Suggested next checklist
If I were iterating on this repo, I would do this order:
-
Deduplicate before splitting
- exact question duplicates,
- possibly entity-level duplicates,
- possibly normalized answer duplicates if they imply same fact.
-
Rebuild splits
- mixed held-out,
- true TriviaQA→PopQA,
- true PopQA→TriviaQA,
- popularity-heldout PopQA.
-
Retrain sidecar separately per protocol
- do not reuse a mixed-trained checkpoint for a claimed cross-dataset result.
-
Add close baselines
- Internal Confidence,
- KEEN-style probe,
- last-hidden probe,
- entropy / max-prob / margin,
- global scalar logreg.
-
Make risk–coverage primary
coverage@risk≤5%,
coverage@risk≤10%,
- AURC,
- RAG calls saved at fixed accuracy.
-
Run a RAG-gating demo
- always closed-book,
- always retrieve,
- entropy gate,
- LRD gate,
- Internal Confidence gate,
- oracle.
-
Keep the “knows” definition narrow
- model-behavior label,
- same prompt format,
- same decoding mode,
- same answer matcher.
Minor naming thought
P(knows) is intuitive for the GUI, but in a paper or README I might also expose a more precise name:
P(correct_closed_book)
P(answerable_by_base_model)
P(parametric_success)
P(self_correct)
P(closed_book_success)
Maybe keep P(knows) as the user-facing short label, but define it formally as one of the above.
Bottom line
I think this is a promising direction, especially if framed as a pre-generation router / selective predictor rather than a broad hallucination detector.

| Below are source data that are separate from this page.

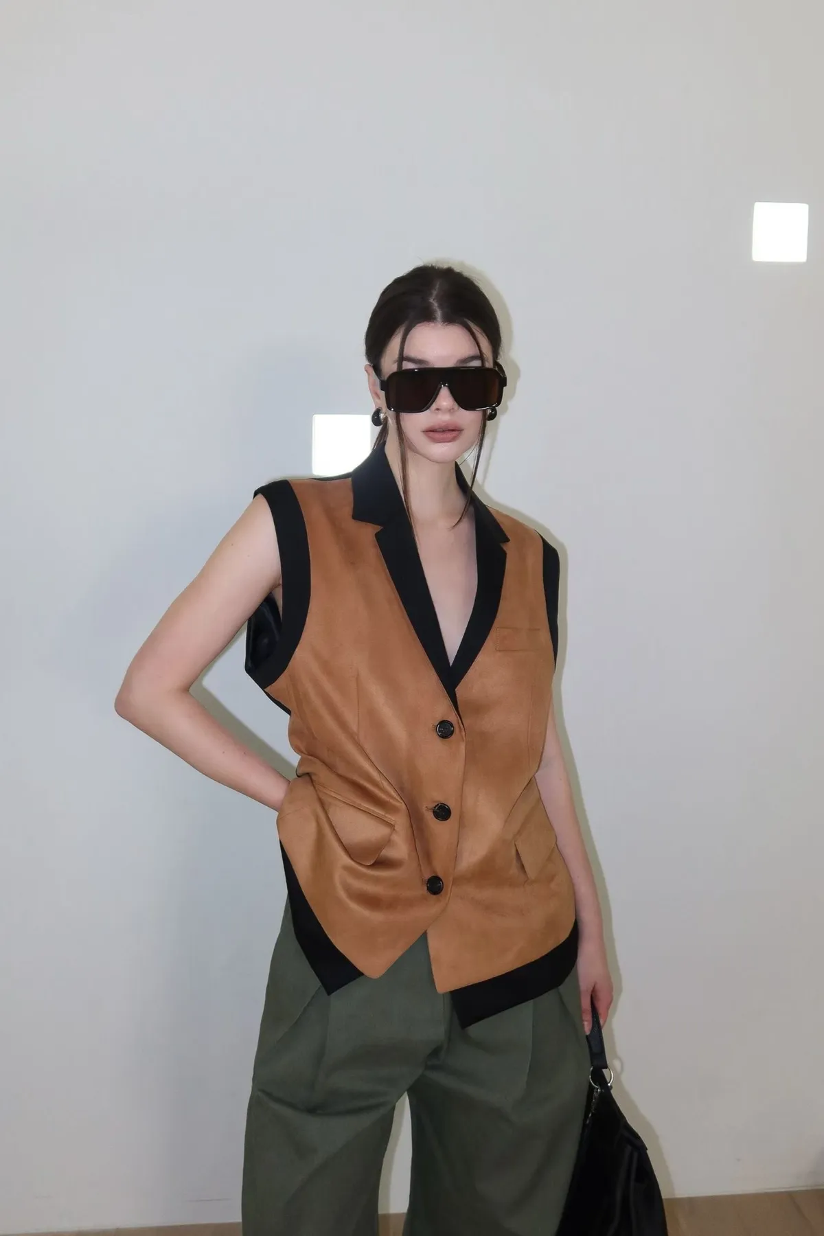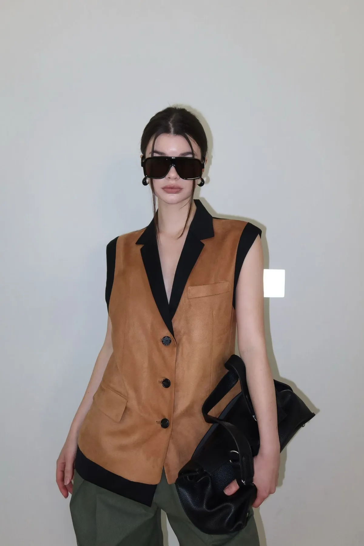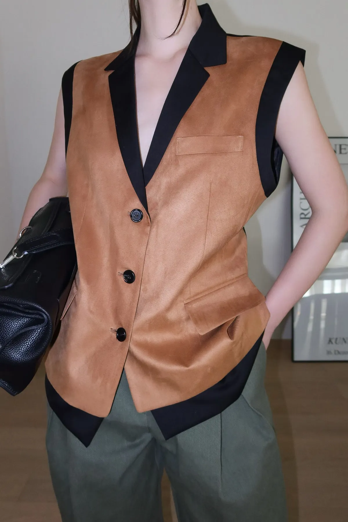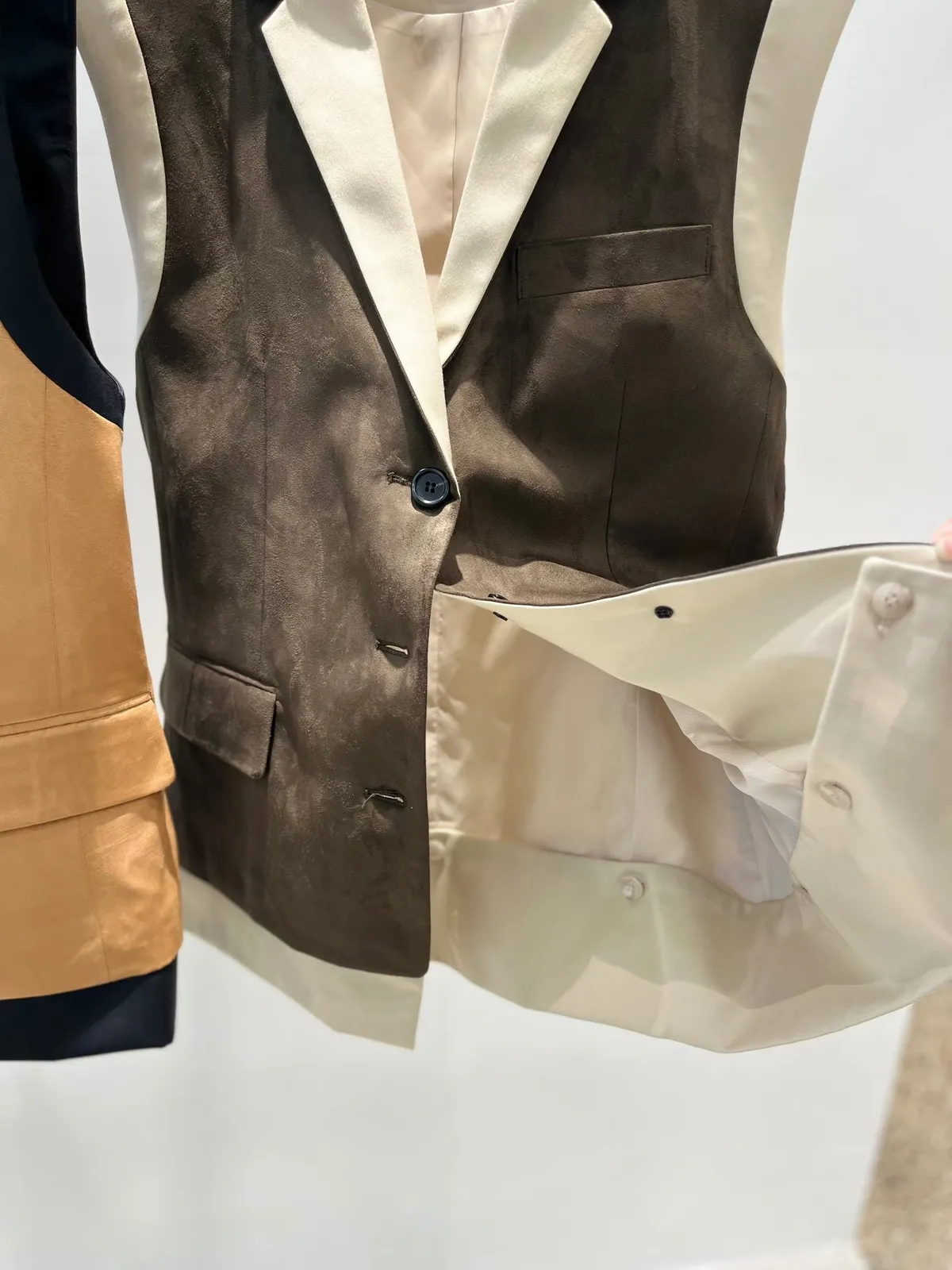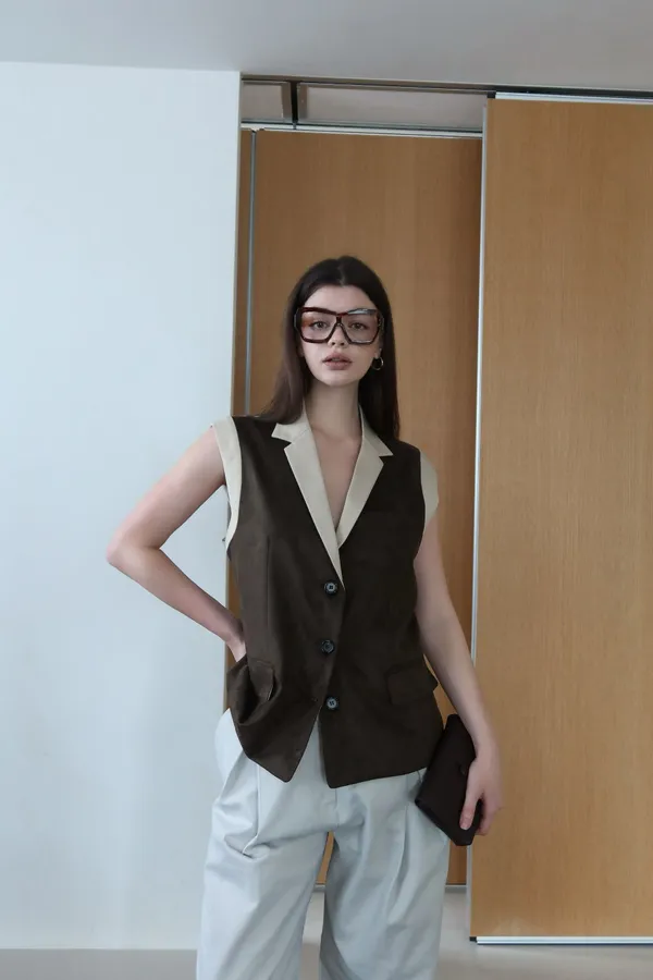 26ED17 後收腰可拆下擺麂皮絨西裝背心 2色
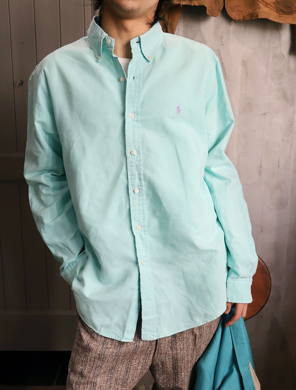 Ralph Lauren ロゴ刺繍 3点留め コットンボタンダウンシャツ L [164317]
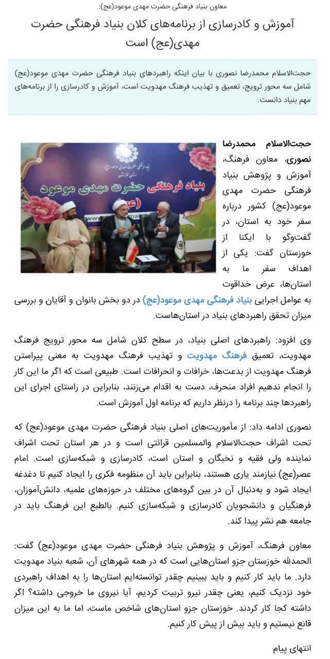 معاون فرهنگ، آموزش و پژوهش بنیاد فرهنگی حضرت مهدی موعود(عج) گفت: الحمدلله خوزستان جزو استانهایی است که در همه شهرهای آن، شعبه بنیاد مهدویت دارد. ما باید کار کنیم و باید ببینیم چقدر توانستهایم استانها را به اهداف راهبردی خود نزدیک کنیم، یعنی چقدر نیرو تربیت کردیم، آیا نیروی ما خروجی داشته؟ اگر داشته کجا کار کردند. خوزستان جزو استانهای شاخص ماست، اما ما به این میزان قانع نیستیم و باید بیش از پیش کار کنیم.
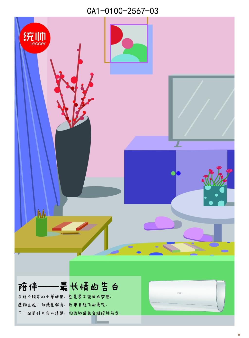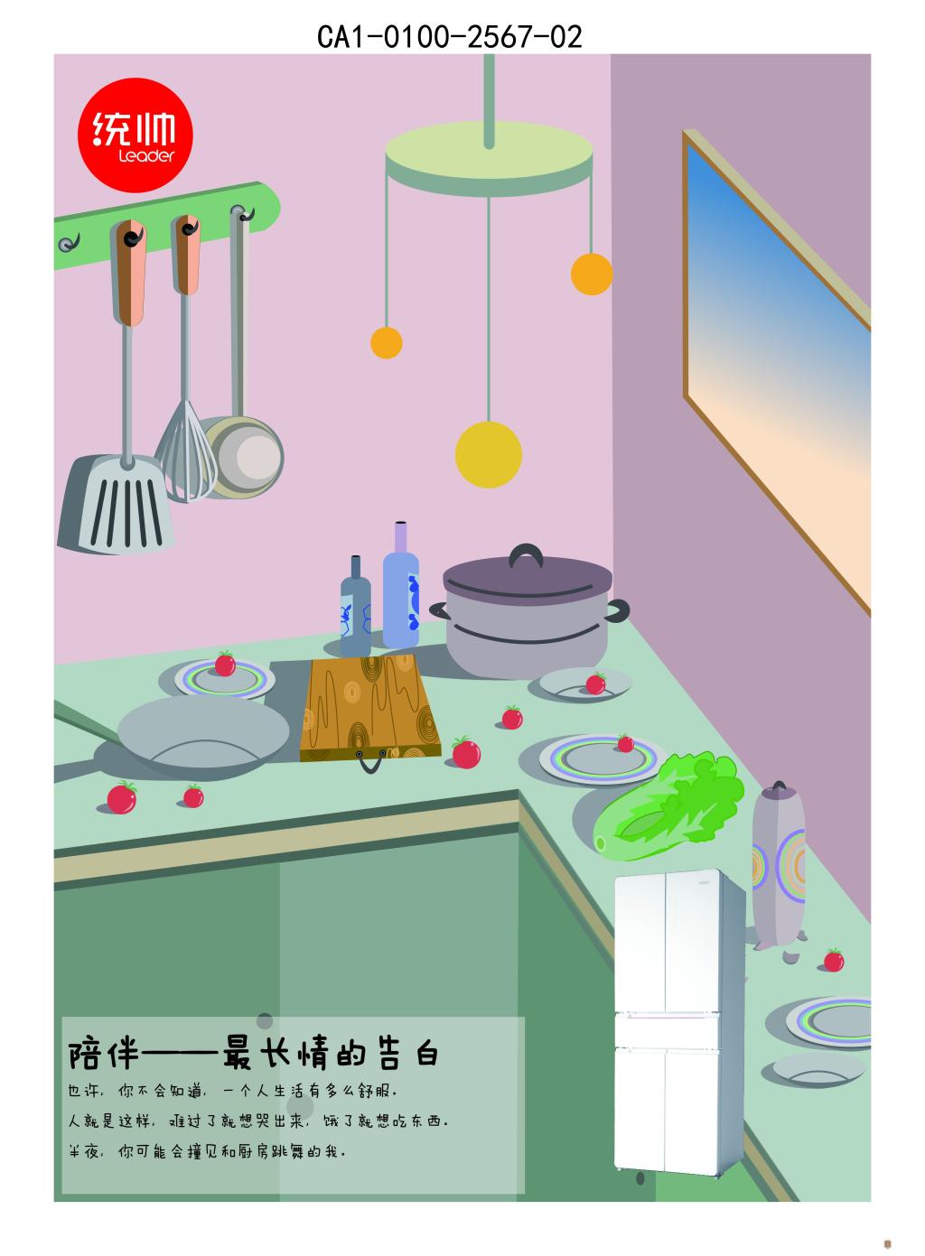 作品内容:用三幅不同场景的矢量插画,分别表现刚走出校园的新婚夫妻晾晒完衣物的场景,刚走入职场的女青年加班后在厨房吃完晚饭以后的场景,以及即将毕业的女大学生在单间房里复习时的不同生活场景。继而传达出品牌主题-轻时尚、悠生活,85后的小资生活状态。画面打造出一种在简单中创造,享受快乐的悠生活概念,借助产品带给85后不一样的生活体验。

The most valuable next step is probably not a more complex sidecar. It is a stricter evaluation:
- deduplicated splits,
- true dataset-transfer training,
- close baselines like Internal Confidence and KEEN-style probes,
- deployment-facing risk–coverage metrics,
- and a RAG-gating experiment showing retrieval calls saved at fixed accuracy.
If those results still hold, the project would have a much stronger story: not just “the sidecar gets high AUROC,” but “the sidecar makes useful routing decisions before generation.”